In einem digitalen Grußwort hatte Dr. Irme Stetter-Karp, die neugewählte Vorsitzende des Zentralkomitees der deutschen Katholiken (ZdK), für den Katholikentag geworben, der im kommenden Jahr in Stuttgart stattfindet – bereits zum dritten Mal. In einem weiteren Grußwort wies die Präsidentin von Brot für die Welt, Dr. Dagmar Pruin, auf die am kommenden Sonntag, dem ersten Advent, startende Spendenaktion unter dem Motto „Eine Welt. Ein Klima. Eine Zukunft.“ hin.
Landesbischof Dr. h. c. Frank Otfried July rief in einem Wort an die Synode dazu auf, sich impfen zu lassen. Er appellierte besonders an die Solidarität der Menschen mit den gefährdeten Gruppen: „Wir bitten alle, die noch nicht geimpft sind, im Sinn evangelischer Ethik zwischen dem Gut der persönlichen Freiheit und der Verantwortung für andere abzuwägen und selbstkritisch die Folgen gerade für die gefährdeten Gruppen zu prüfen.
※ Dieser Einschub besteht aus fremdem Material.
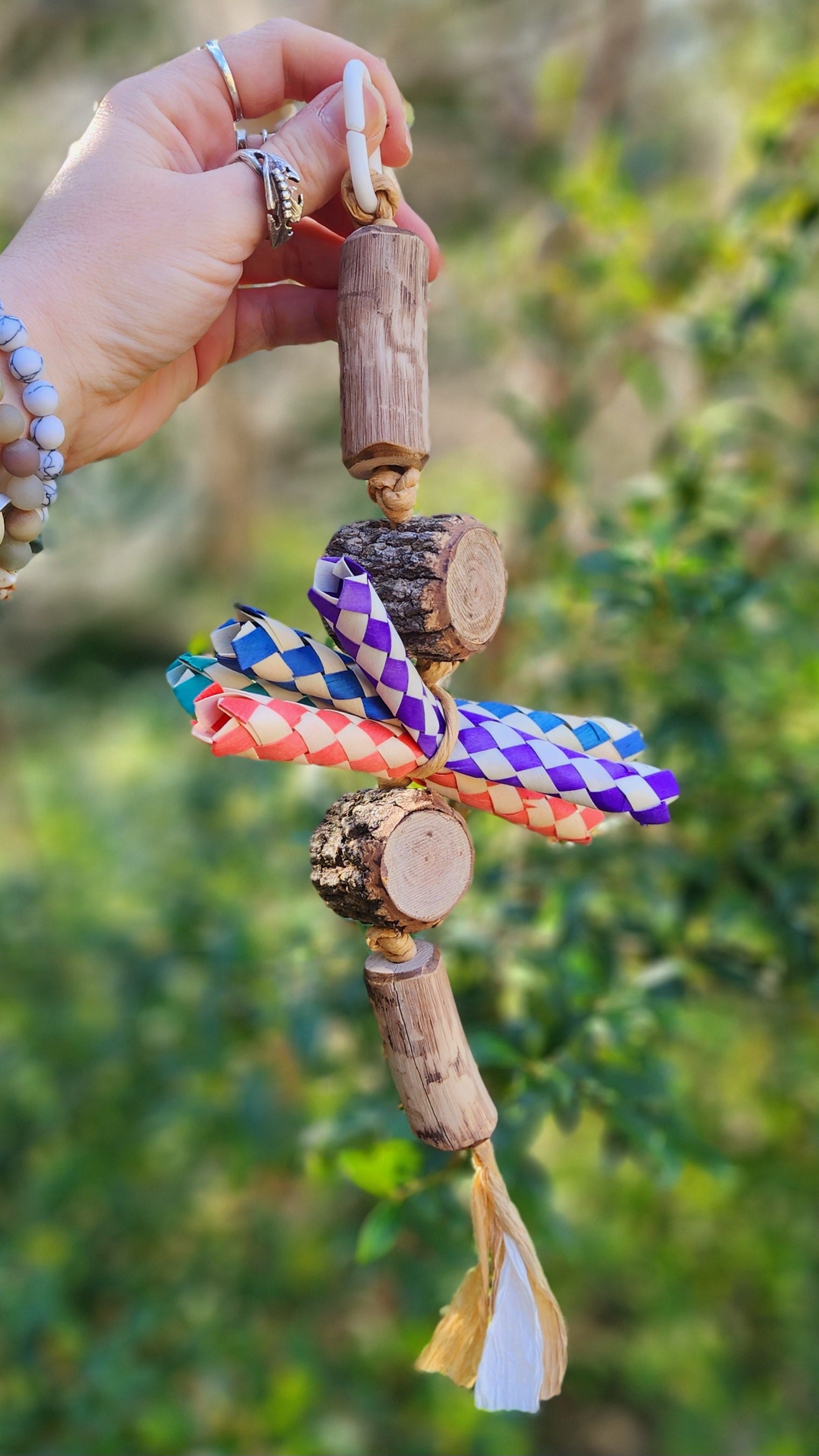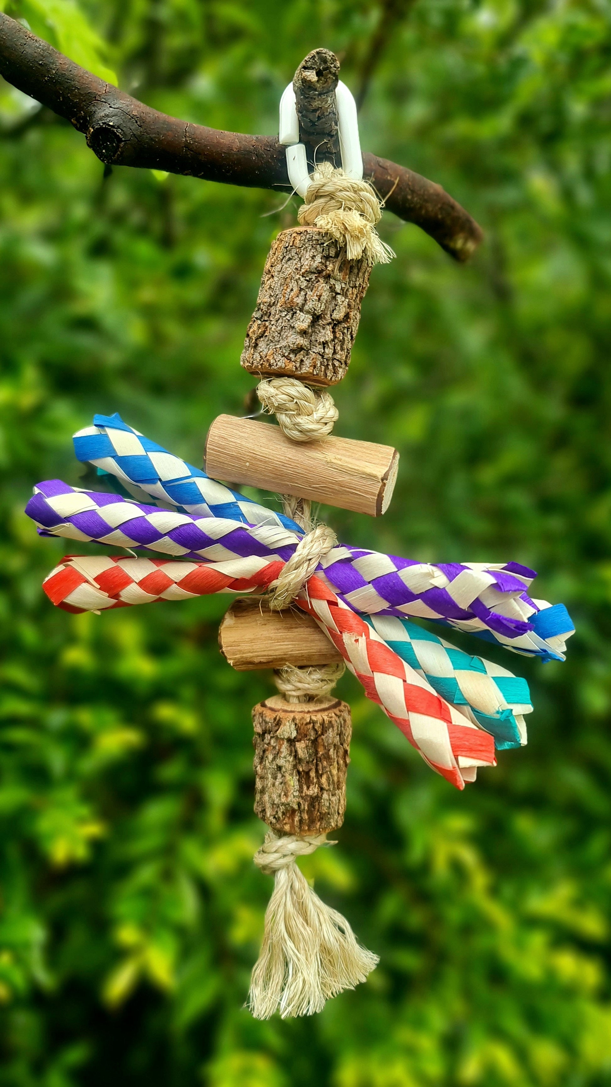 This shreddable toy features a mix of spotted gum and casuarina timber, with a vibrant centre of colourful bamboo for endless shreddable fun. Handmade using timber, rope, bamboo and a plastic clip as the hanger. The overall measurement from hanger clip to the rope base is approximately 25cm long. 🦜🐦 Suits very small, small, medium and large birdies 🤩 (there may be a variation in the timber size and colour due to this toy being a recreatable one, however it's approximate length and style will ramain the same ☺️) Please note that your timber toy may start splitting/cracking/shrinking in areas as it continues to dry out since it has been freshly harvested from our forest, however this should not affect your birdies play time and fun with this toy 😁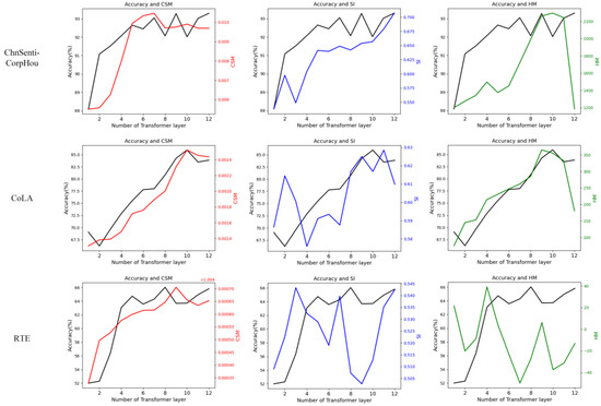 The test accuracy (black) vs. CSM (red), SI (blue) and HM (green) curves on 3 BTC datasets. We juxtapose the separability index and classification accuracy for all 12 Transformer layers. The horizontal axis is the layer index of BERT, the left vertical axis is the classification accuracy and the right vertical axis is the separability index. Each row corresponds to a different dataset, and each column corresponds to a different separability index. Best viewed in color.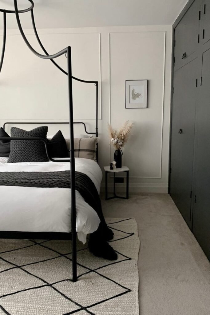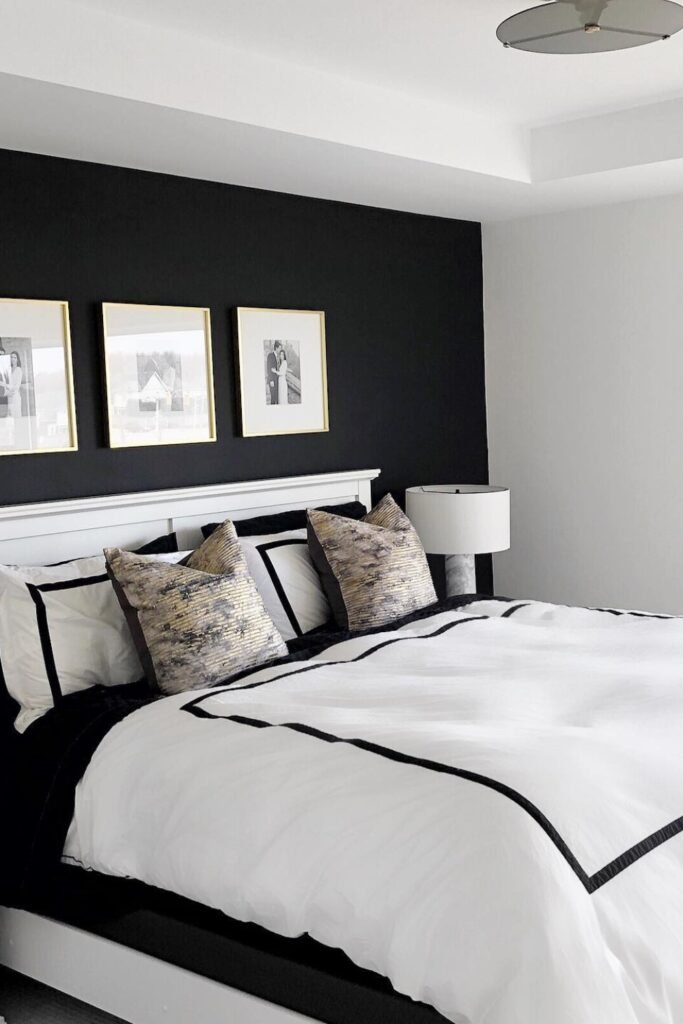 You need to find the balance. Start with white walls so you give yourself an open, airy base. Then, you bring in black through your bedding, lamps, or artwork to add contrast.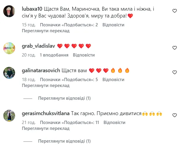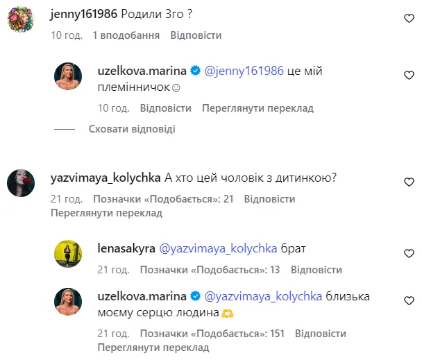 У коментарях підписники почали ставити запитання, зокрема про дитину та особу чоловіка. На питання "Народили третю дитину?" Боржемська відповіла, що це її племінник.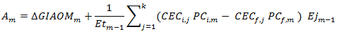 | GIAOMm: | Diferencia en el ingreso regulado o precio máximo regulado compuesto por los costos de inversión y los gastos de administración, operación y mantenimiento en generación, para el mes m, debido al cambio de tecnología calculado por el adjudicatario de la obligación de prestación del servicio. |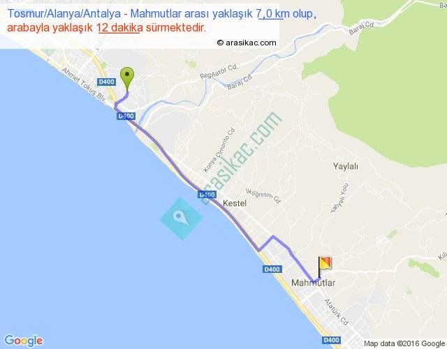 Tosmur Alanya Antalya - Mahmutlar arası yaklaşık olarak 90 km/h ile yukarıda belirtilen sürede olup, iki yerin kuş uçuşu uzaklığı (mesafesi) 6'dir. Yolculuk otobüsle 15 dakika sürmektedir.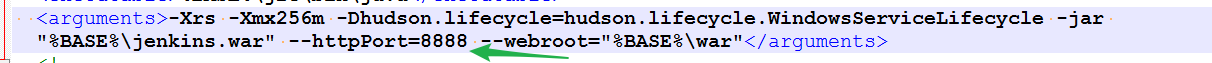 默认为 8080,我们可以在 ${jenkins_path}/jenkins.xml 中,在 --httpPort 选项指定需要的端口号: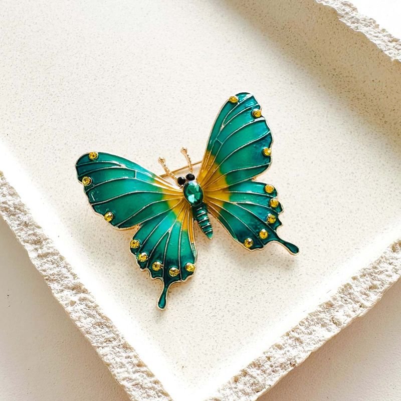 Elegante e cheio de significado, o Broche Bijuteria Borboleta Verde Água com Strass é um acessório que traduz delicadeza e personalidade em um único detalhe. Inspirado na beleza das borboletas, símbolo de transformação e renovação, este broche apresenta um design sofisticado com asas amplas esmaltadas em tom verde água vibrante e nuances douradas que criam um efeito visual encantador.

Mit einer höheren Impfquote könnten besonders verletzliche Gruppen geschützt werden, wie Menschen mit Vorerkrankungen, Ältere und Kinder, für die es bisher noch keine Impfempfehlung gibt.“
Die nächste Tagung der Landessynode findet vom 17. bis 19. März 2022 statt. Am ersten Tag (17.03.2022) steht die Wahl eines Nachfolgers oder einer Nachfolgerin von Landesbischof Dr. h. c. Frank Otfried July auf dem Programm.